Angie Malone, the youngest of a big, warm Italian-American family, returns to her Pacific Northwest hometown to wrestle with various midlife disappointments: her divorce, Papa’s death, a downturn in business at the family restaurant, and, above all, her childlessness. After several miscarriages, she, a successful ad exec, and husband Conlan, a reporter, befriended a pregnant young girl and planned to adopt her baby—and then the birth mother changed her mind. Angie and Conlan drifted apart and soon found they just didn’t love each other anymore. Metaphorically speaking, “her need for a child had been a high tide, an overwhelming force that drowned them.
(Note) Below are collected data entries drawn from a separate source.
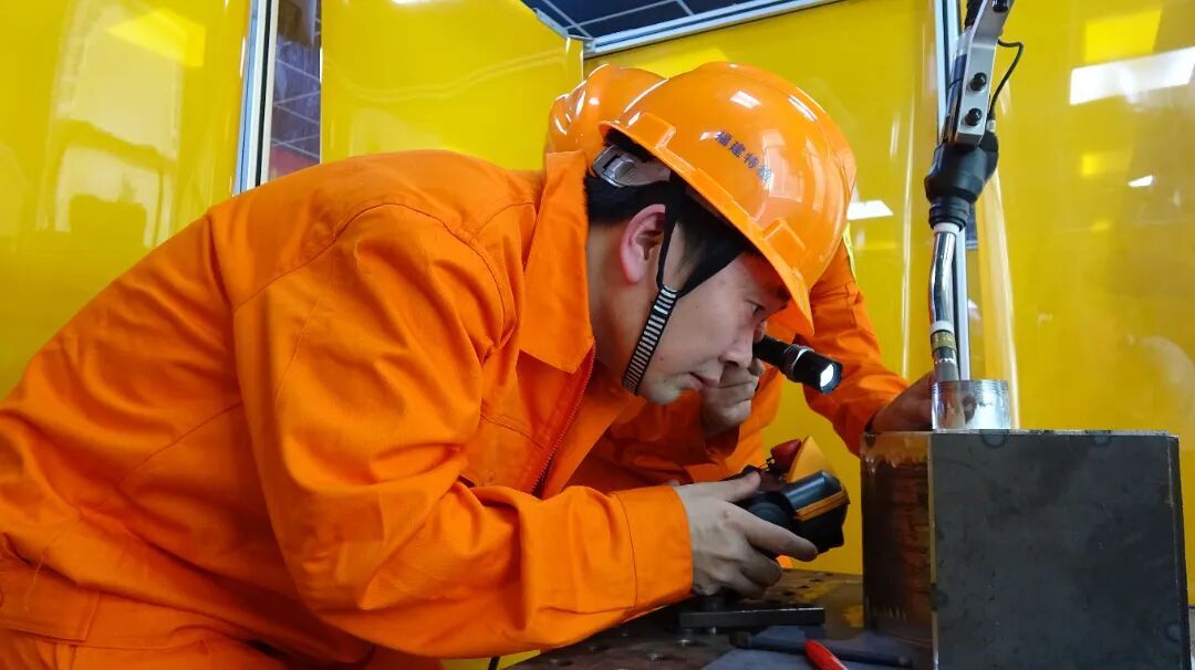 年逾不惑之际,陈照春做出了一个大胆的决定——跨界钻研机器人焊接技术。他深知,焊接工艺是特种设备安全的“关键一焊”,为了把手工焊接的“经验活”转化为机器人的“标准活”,他告别安静的实验室,钻进焊花飞溅的车间,跟着老师傅从握焊枪的姿势学起。夏日高温下,厚重的焊接服被汗水浸透,干了又结满盐霜;焊渣偶尔溅到手臂,留下细密的疤痕,他简单处理后便继续练习;强光灼伤眼睛,红肿刺痛难忍,冷敷缓解后依旧坚持钻研。凭借这份执着,他在技能竞赛的舞台上不断突破:2019到2023年,从省赛第二到省赛第一;在同年举办的首届全国职工数字化应用技术技能大赛上,46岁的陈照春作为赛场上年龄最大的选手,凭借扎实的功底和不断的总结思索,拿下理论、实操双第一,创下福建在该类焊接赛事的历史最佳成绩。
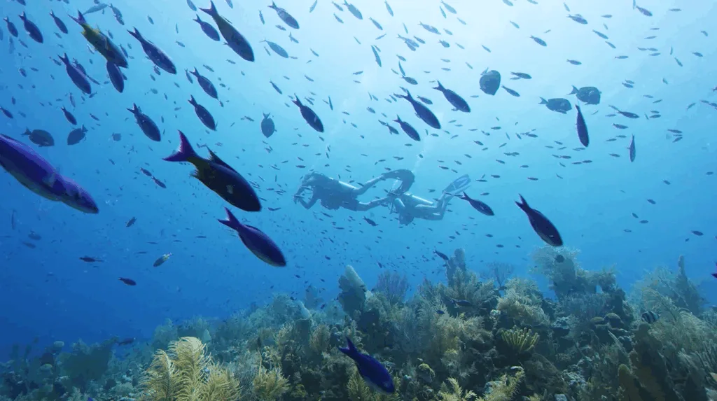 在蔚藍海洋中自在遨遊,隨著氣泡啵啵上升,細細品味每一次潛入的寧靜與美好,讓心靈與大海同頻共振,享受專屬於你的深藍時光。
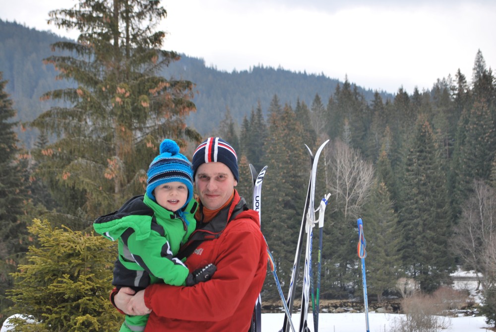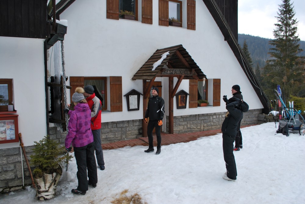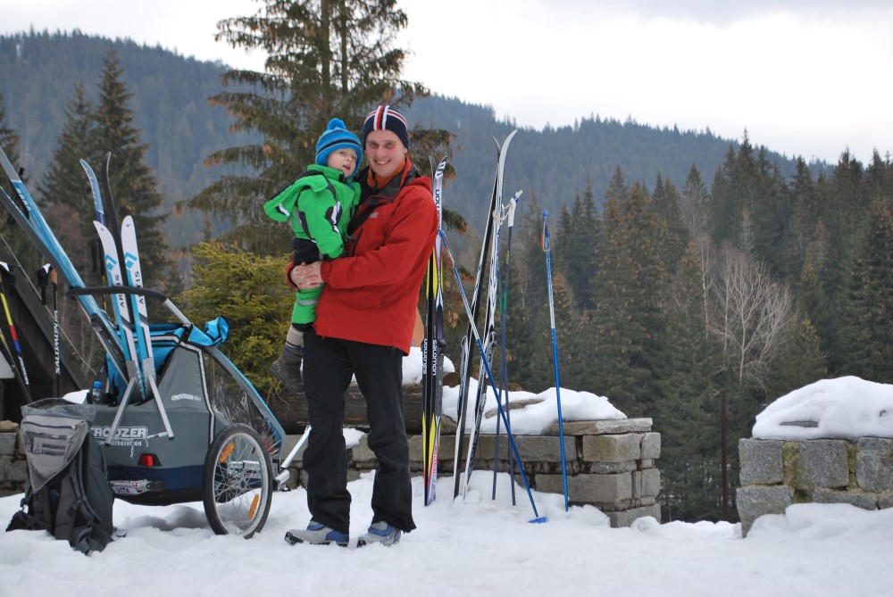 Kolegyně z práce Nikol má pension na Šumavě na Starém Srní. O víkendu tam jedou kolegové z práce a jejich partneři (Monika, Evžen, Katka, Zrnko, Terka, Radek, Dan, Štěpánka, Hanka, Nikol a Marek). Připojím se já s Víťou. Jedeme v pátek navečer. Celou cestu se snažím, aby Víťa neusnul. Povedlo se. Ubytováváme se, dáváme večeři, Víťa jde spát a trávím večer s kolegy. Ráno se připravujeme na běžky. Moc sněhu není, takže radši beru obě varianty vozíku - s běžkami i kolečky.
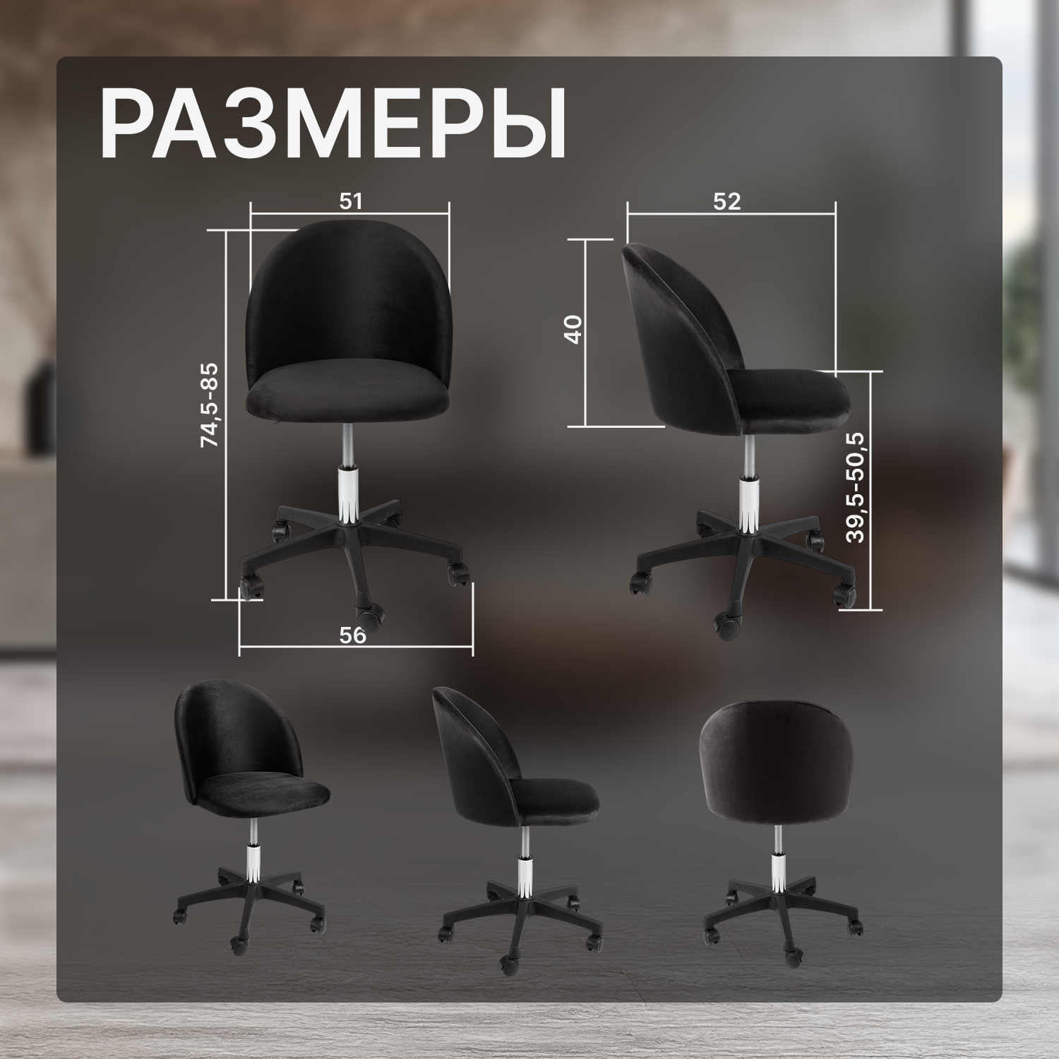 | Конструктивные особенности | без подлокотников / с газлифтом / с колесами (роликами) |
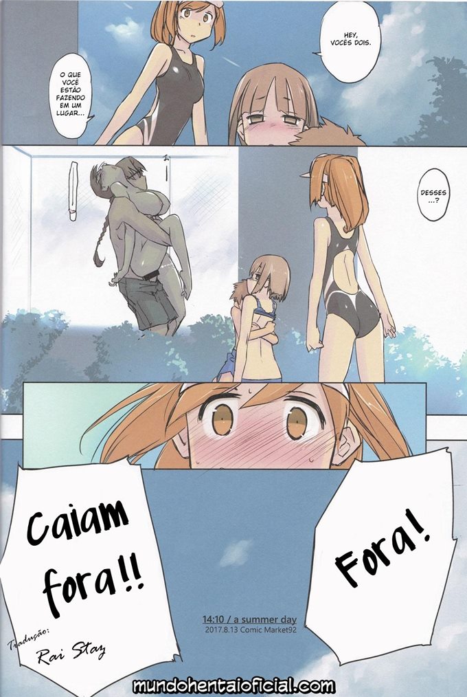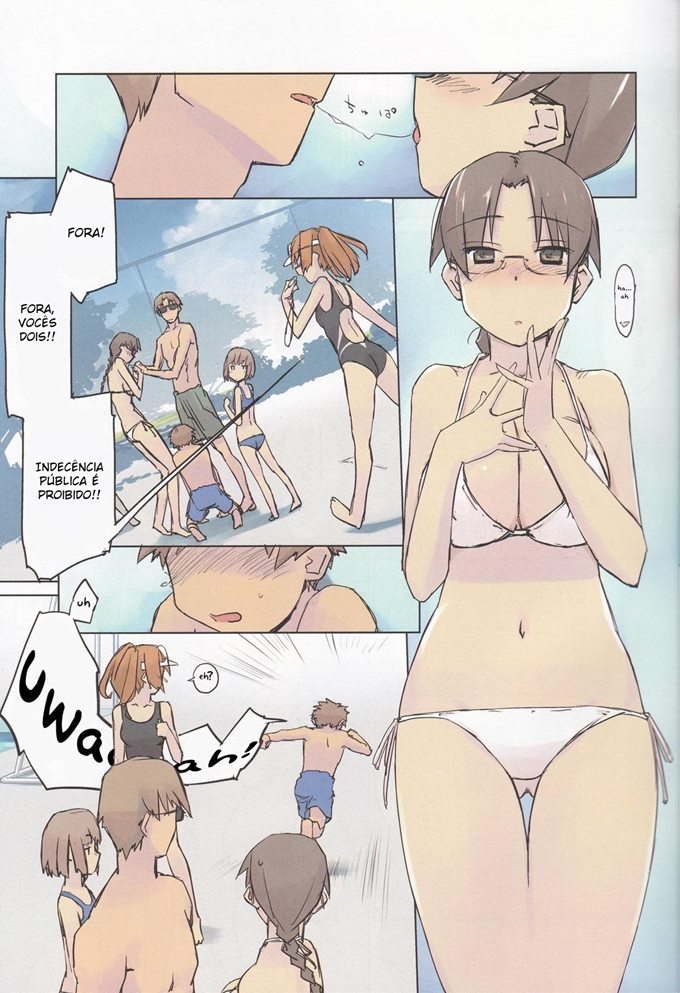 Depois que seus dois vizinhos pequenos pediram muito para ela, ela finalmente decidiu leva-los a piscina publica. O dia estava lindo e sol estava muito quente, o dia estava apropriado para dar uma molhada. Mas quando ela estava olhando para a piscina o seu vizinho chegar por trás dela e tira seu sutiã e seus peitos ficaram para fora. Agora ela está correndo atrás dele para poder pegar seu sutiã de volta.
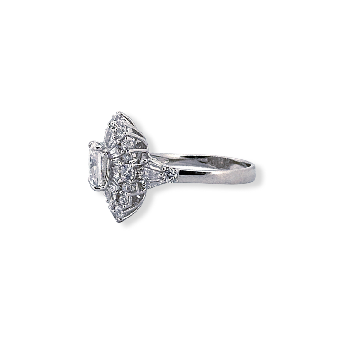 Experience luxurious elegance with this stunning silver cz ring. Crafted from the finest silver and encrusted with cubic zirconia, this ring is guaranteed to add a touch of sophisticated class to any outfit. Any jewelry lover is sure to be wowed by its exquisite craftsmanship, creating a truly timeless piece you'll love wearing.
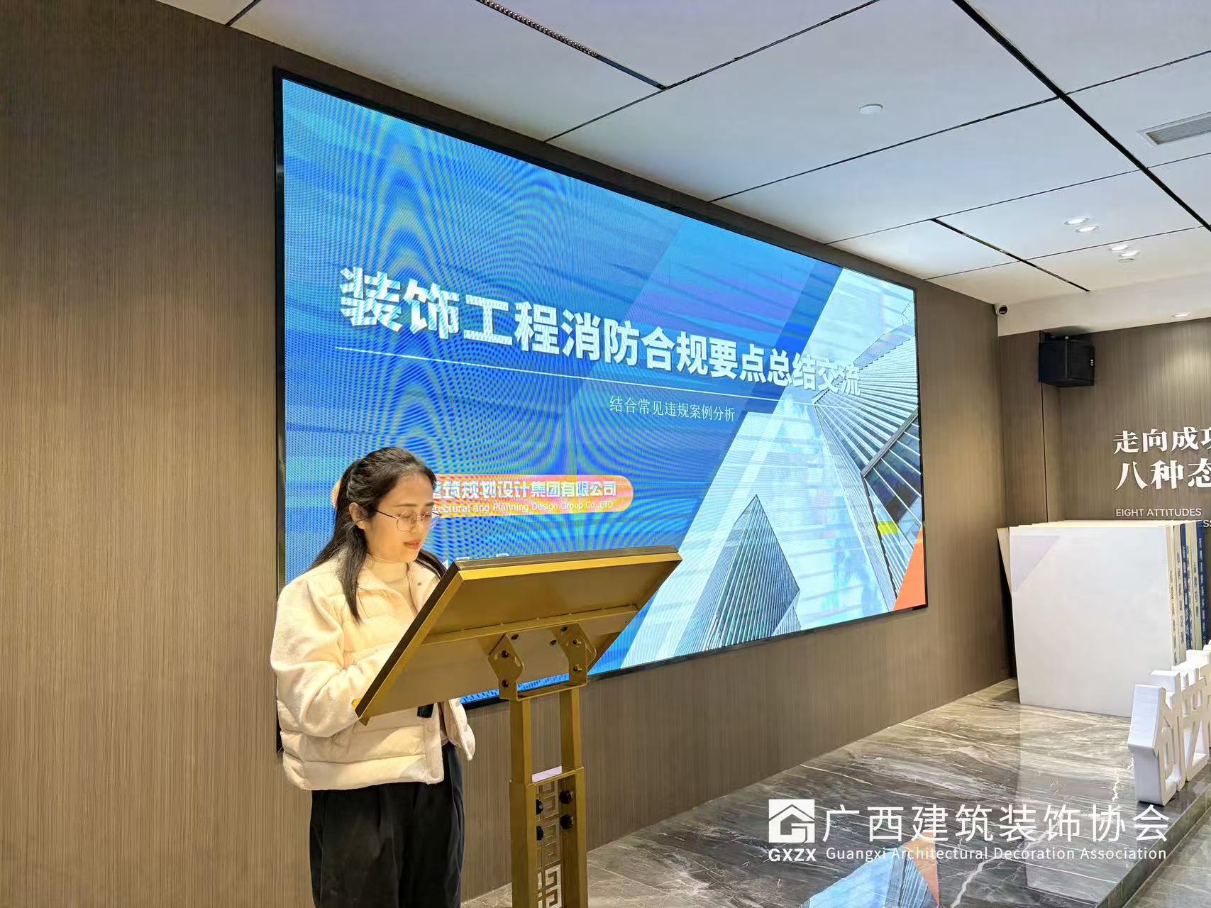 在学术交流环节,南宁建规集团总工程师李梓瑄作《装饰工程中消防案例分析》专题分享,通过典型案例深刻剖析装饰工程中的消防技术要点。广西建筑装饰协会专家委员会常务副主任兼总工程师、正高级工程师谭谦围绕《装饰装修工程中消防工程事项及常见问题探讨》作交流发言,针对消防验收与装饰工程衔接难点提出专业见解。
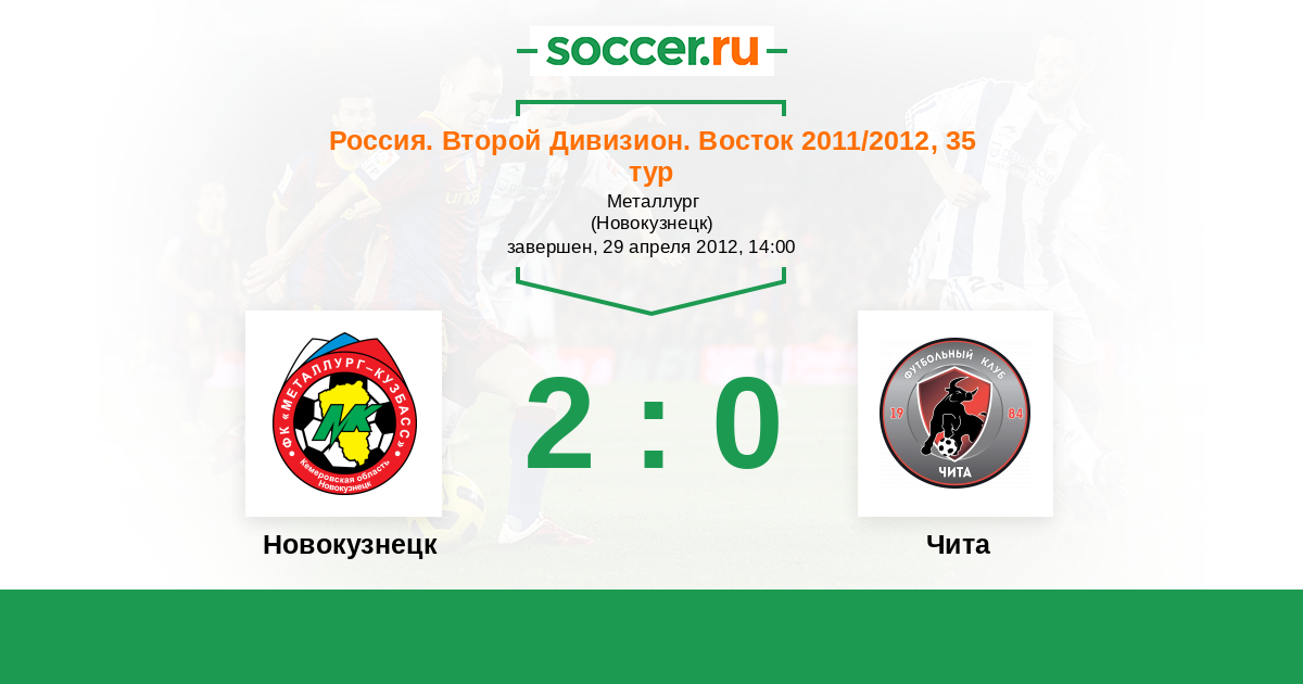 Россия. 2-й дивизион. Восток 18.08.2011 Чита Логотип футбольный клуб Чита 1:0 Логотип футбольный клуб Металлург-Кузбасс (Новокузнецк) Металлург-Кузбасс
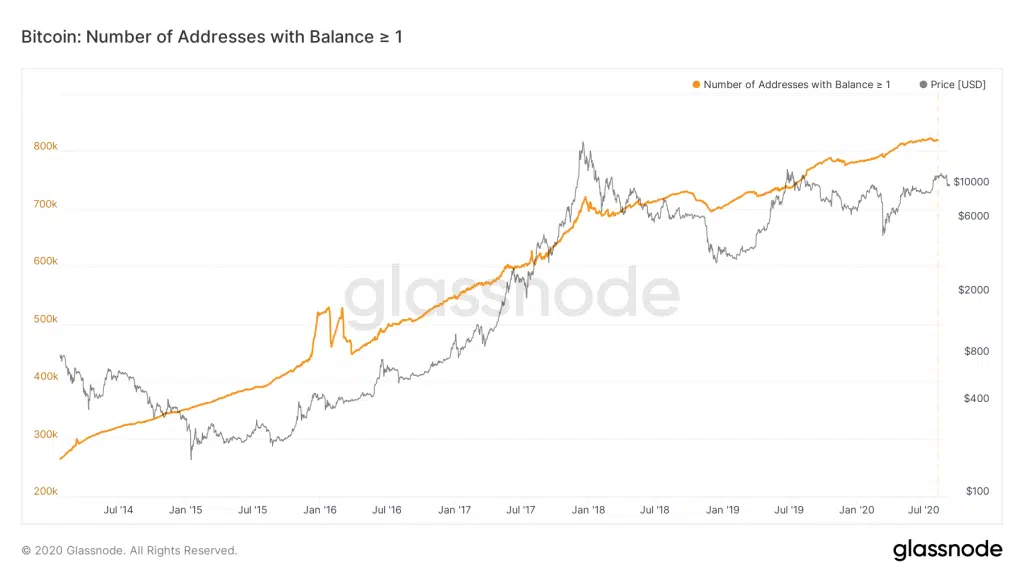 Outro dado que mostra uma evolução crescente de carteiras é o levantamento do número de endereços que possuem 1 ou mais Bitcoins.

A year ago, she could have kicked to the surface but not now.” Sadder but wiser, Angie goes to work in the struggling family restaurant, bickering with Mama over updating the menu and replacing the ancient waitress. Soon, Angie befriends another young girl, Lauren Ribido, who’s eager to learn and desperately needs a job. Lauren’s family lives on the wrong side of the tracks, and her mother is a promiscuous alcoholic, but Angie knows nothing of this sad story and welcomes Lauren into the DeSaria family circle. The girl listens in, wide-eyed, as the sisters argue and make wisecracks and—gee-whiz—are actually nice to each other. Nothing at all like her relationship with her sluttish mother, who throws Lauren out when boyfriend David, en route to Stanford, gets her pregnant. Will Lauren, who’s just been accepted to USC, let Angie adopt her baby? Well, a bit of a twist at the end keeps things from becoming too predictable.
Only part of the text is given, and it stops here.